>>>

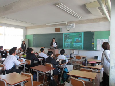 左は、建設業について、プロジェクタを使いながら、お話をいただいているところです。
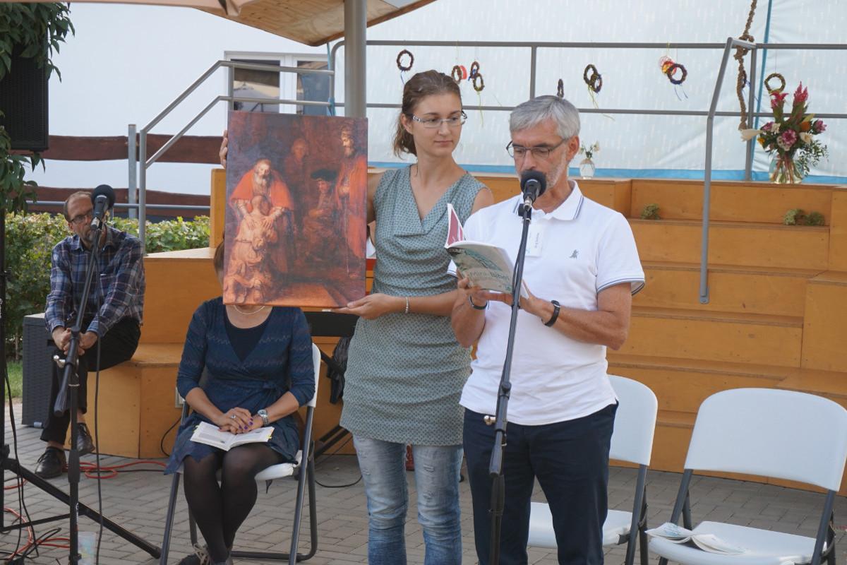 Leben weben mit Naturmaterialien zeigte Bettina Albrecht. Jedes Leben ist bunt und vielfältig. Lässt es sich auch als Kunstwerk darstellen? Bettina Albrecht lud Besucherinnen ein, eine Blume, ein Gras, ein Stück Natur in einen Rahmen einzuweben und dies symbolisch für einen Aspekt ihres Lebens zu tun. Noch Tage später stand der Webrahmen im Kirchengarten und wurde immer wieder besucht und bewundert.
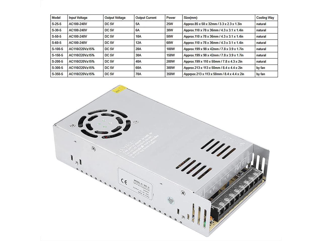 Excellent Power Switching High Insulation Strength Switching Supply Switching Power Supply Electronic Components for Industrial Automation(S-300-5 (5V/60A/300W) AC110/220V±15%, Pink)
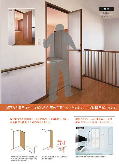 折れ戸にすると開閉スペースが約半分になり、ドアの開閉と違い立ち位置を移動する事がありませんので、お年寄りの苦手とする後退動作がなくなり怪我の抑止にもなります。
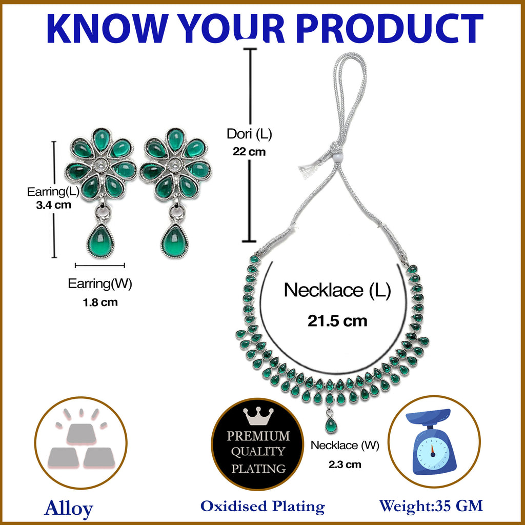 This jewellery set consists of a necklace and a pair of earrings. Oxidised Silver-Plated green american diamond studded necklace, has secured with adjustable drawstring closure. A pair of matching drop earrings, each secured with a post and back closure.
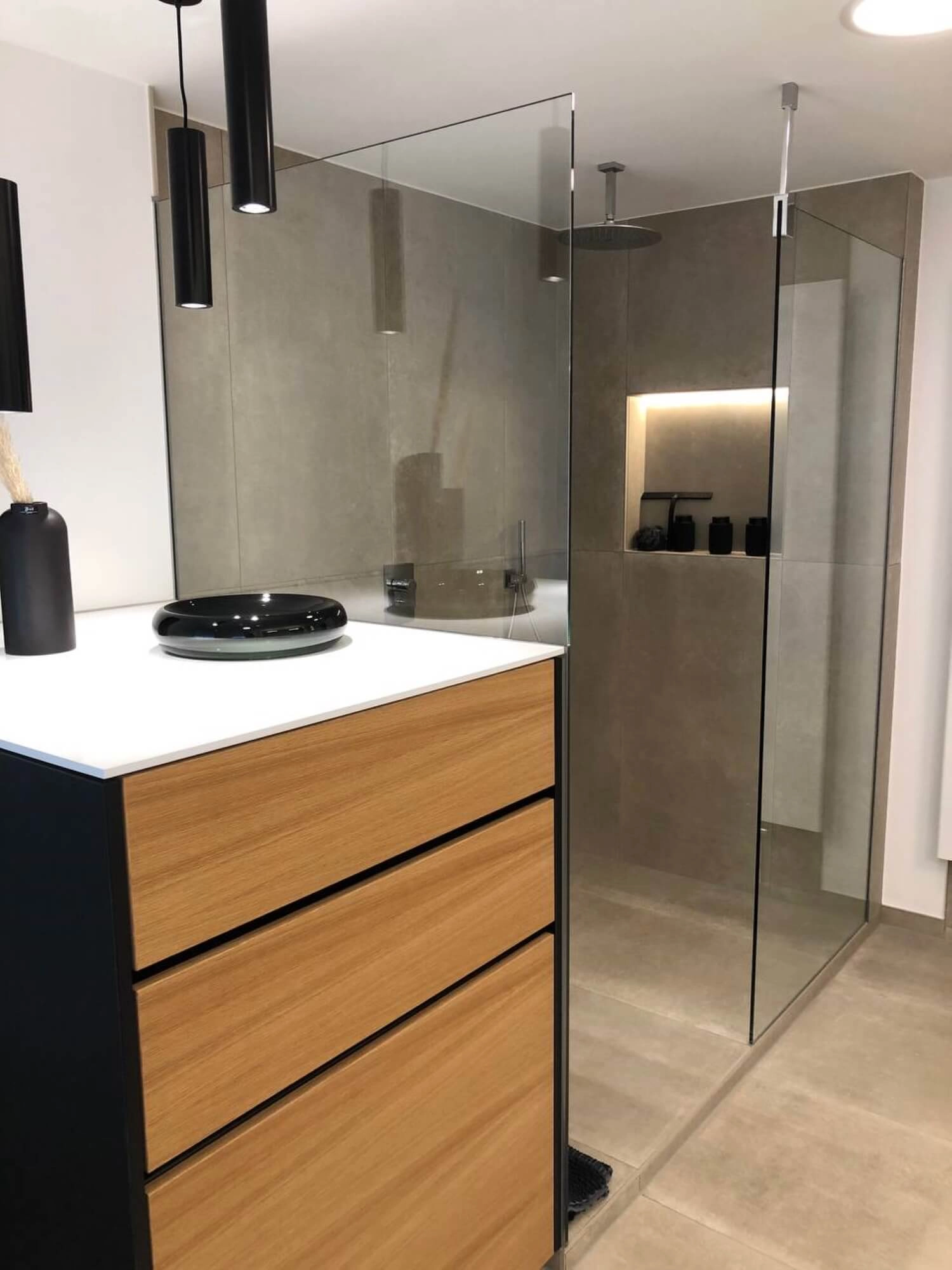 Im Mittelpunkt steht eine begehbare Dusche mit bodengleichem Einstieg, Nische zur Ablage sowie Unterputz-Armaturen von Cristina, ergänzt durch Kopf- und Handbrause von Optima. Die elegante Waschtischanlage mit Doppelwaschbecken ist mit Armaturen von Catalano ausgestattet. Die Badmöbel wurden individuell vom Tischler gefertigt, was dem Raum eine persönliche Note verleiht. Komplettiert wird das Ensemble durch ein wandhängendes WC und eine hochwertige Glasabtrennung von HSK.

<<<

Where the line holding "This jewellery set" appears, start copying, and continue exactly through the last line of the listing, both ends included, skipping the pictures.

 This jewellery set consists of a necklace and a pair of earrings. Oxidised Silver-Plated green american diamond studded necklace, has secured with adjustable drawstring closure. A pair of matching drop earrings, each secured with a post and back closure.
 Im Mittelpunkt steht eine begehbare Dusche mit bodengleichem Einstieg, Nische zur Ablage sowie Unterputz-Armaturen von Cristina, ergänzt durch Kopf- und Handbrause von Optima. Die elegante Waschtischanlage mit Doppelwaschbecken ist mit Armaturen von Catalano ausgestattet. Die Badmöbel wurden individuell vom Tischler gefertigt, was dem Raum eine persönliche Note verleiht. Komplettiert wird das Ensemble durch ein wandhängendes WC und eine hochwertige Glasabtrennung von HSK.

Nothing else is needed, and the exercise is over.